There’s a hopeful note buried in the research, too. While just 2% of adopters actively seek out senior pets, 64% of owners said they’d be far more likely to adopt an older animal if it came with subsidized care or a discount on insurance. 

That tracks for me. Every dog I’ve loved has been a senior rescue, including Mingo, my long-haired chihuahua, who is still happily kicking with no teeth at 13.

He came out of a puppy mill with a crooked snout, a history of low-blood-sugar seizures we now manage with that morning paste instead of medication. 

We took him in for a cleaning around age 10 and told the vet to pull whatever bad teeth she could, joking, “You can just take them all out.” She said she’d never do that. 

Hours later, he came out, and she sheepishly admitted he’d had about two good teeth left, so she did, in fact, take them all out. Now he looks like a total weirdo with his tongue hanging out, and he has never been happier.

Two friends of mine just adopted a rescue chihuahua and signed up for Healthy Paws on day one. They’re completely sold. So whenever the next dog picks us, and in my experience, they always arrive on their own schedule, the insurance is the very first call I’m making.

We waited too long with Margot. We waited too long with Gloria. The studies all point to the same quiet truth, and so does my own history: The love was never the hard part; the limits were. 

Get your coverage on day one, so that whatever comes next, you never have to do the math while your dog is looking up at you from a cold, metal vet table.

Frequently asked questions

How much does it cost to own a pet per year in 2026? 

Routine care for a single dog or cat, including food, vet visits, grooming and supplies, averages about $4,272 a year, according to Healthy Paws research.
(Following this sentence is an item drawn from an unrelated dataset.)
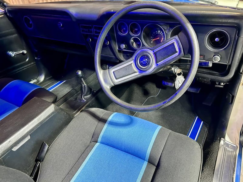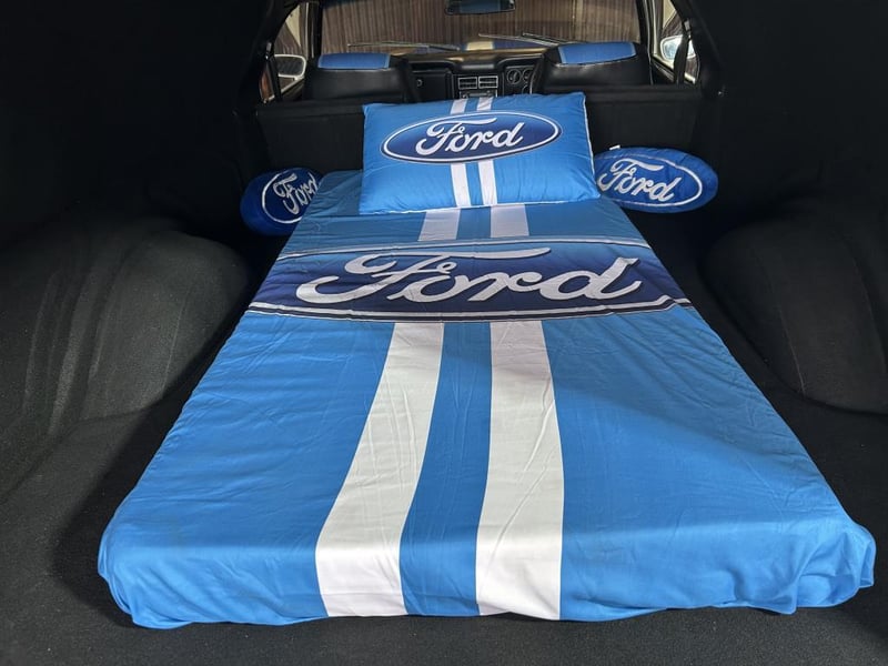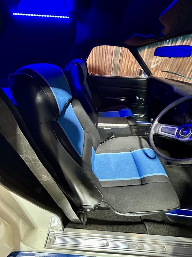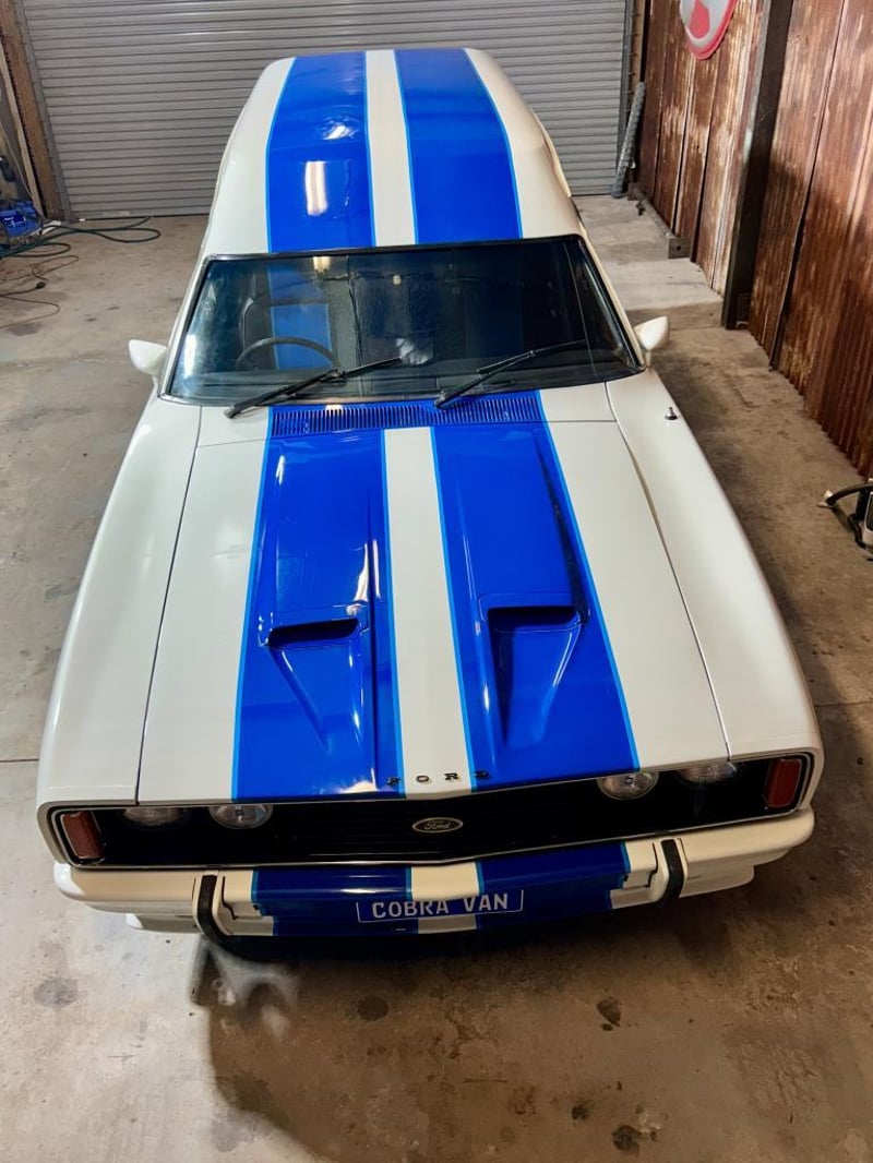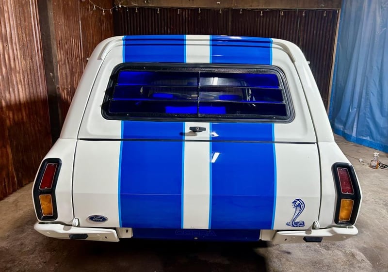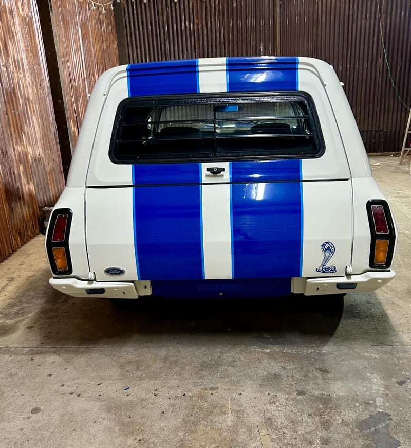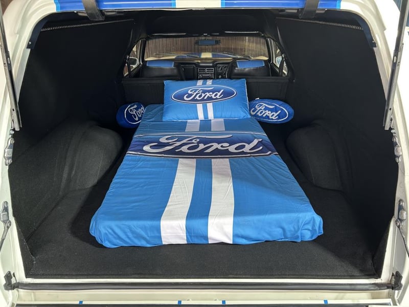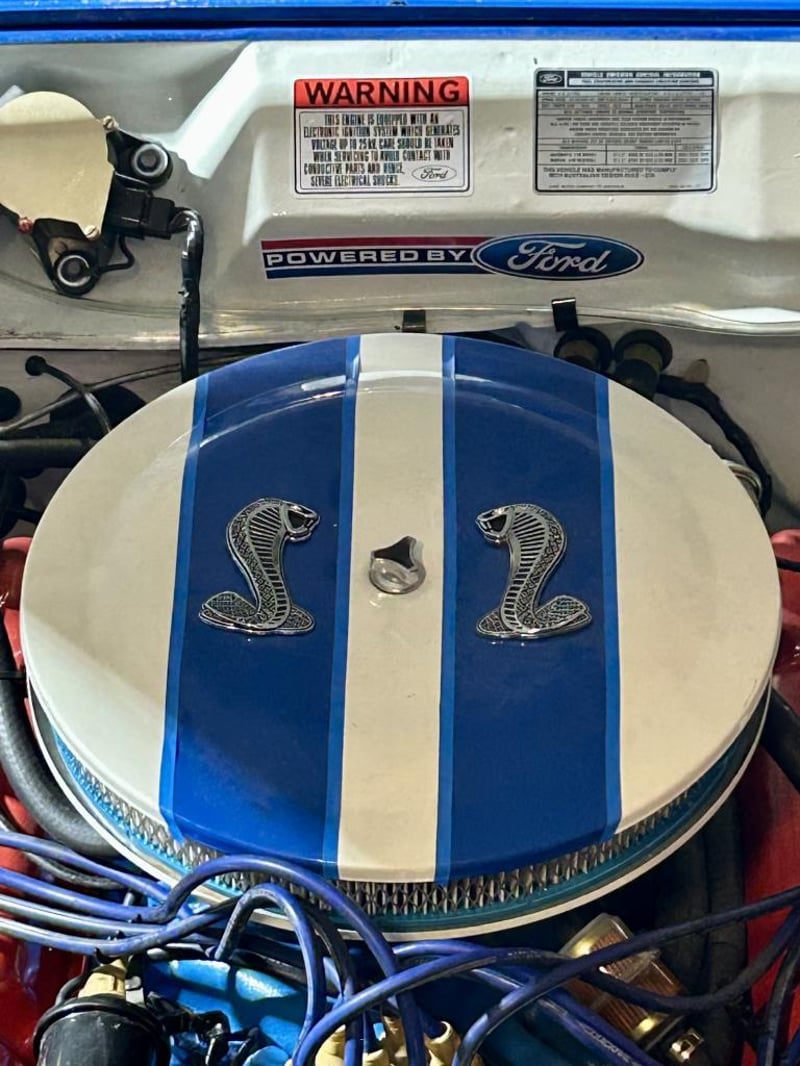 This example has undergone a complete restoration, including fresh exterior paint, Gravitex coating to the undercarriage, and a fully retrimmed interior. The cabin and cargo area feature new carpets, restored wall panels, a full-length hoodlining, correct Cobra-style seat trims, blue LED mood lighting, and a Ford-themed mattress — true to the era’s “rockin’ van” spirit. The engine bay is finished with a fully restored carburettor and custom Cobra-themed air cleaner, while exterior details include a restored GS grille, refurbished wiper motor, Bathurst Globe wheels with red-wall tyres, and a rare NOS Cheater rear louvre completing the look.

Over a typical 12-year lifespan, that adds up to more than $50,000, and that figure does not include major emergency surgery or end-of-life care.

Which generation spends the most on their pets? 

Gen Z. A Harris Poll survey found Gen Z spends an average of $6,103 a year, followed by Millennials at $5,150, Gen X at $3,878 and Boomers at $2,454, even though Gen Z has the lowest median income of any adult generation.

Why are so many pet owners going into debt for their pets? 

Because soaring vet costs are colliding with thin cash reserves. In the Love vs. Limits study, 62% of owners said they would take on debt to save their pet’s life, and about 24% have carried a credit card balance for pet care. Millennials (34%) and Gen Z (29%) report the highest rates of pet debt.

Why are veterinary bills rising so fast? 

Vet costs are up roughly 60% over the past decade, driven by inflation, higher operating costs and major advances in veterinary medicine. Treatments that were rare a decade ago are now common, and they tend to involve specialized procedures and advanced diagnostics that cost more.

Does pet insurance actually save money? 

For owners who face a major emergency, usually yes. In the latest Healthy Paws survey, 54% of insured owners said their plan reimbursed at least half of a significant vet bill, and insured owners are far more likely to pursue all recommended treatment (47%) than owners overall (32%). A single serious emergency can easily cost more than a full year of premiums.

What does pet insurance typically not cover? 

Most standard policies exclude pre-existing conditions, routine wellness care like annual exams and vaccines, elective procedures and breeding-related costs. Some providers offer optional wellness add-ons for an extra monthly fee. Always read the fine print closely before enrolling.

When is the best time to get pet insurance? 

Day one. The younger and healthier the animal, the lower the premium, and anything diagnosed before you enroll is almost always excluded as pre-existing. Waiting until something is wrong usually means it’s too late to cover it.

What is “economic euthanasia”? 

It’s when a pet is put down, not because of its medical prognosis but because the owner cannot afford the treatment. Gallup and PetSmart Charities research found more than half of pet parents have skipped or declined needed care over cost, which is why many veterinarians and financial planners now treat pet insurance as a baseline part of responsible ownership.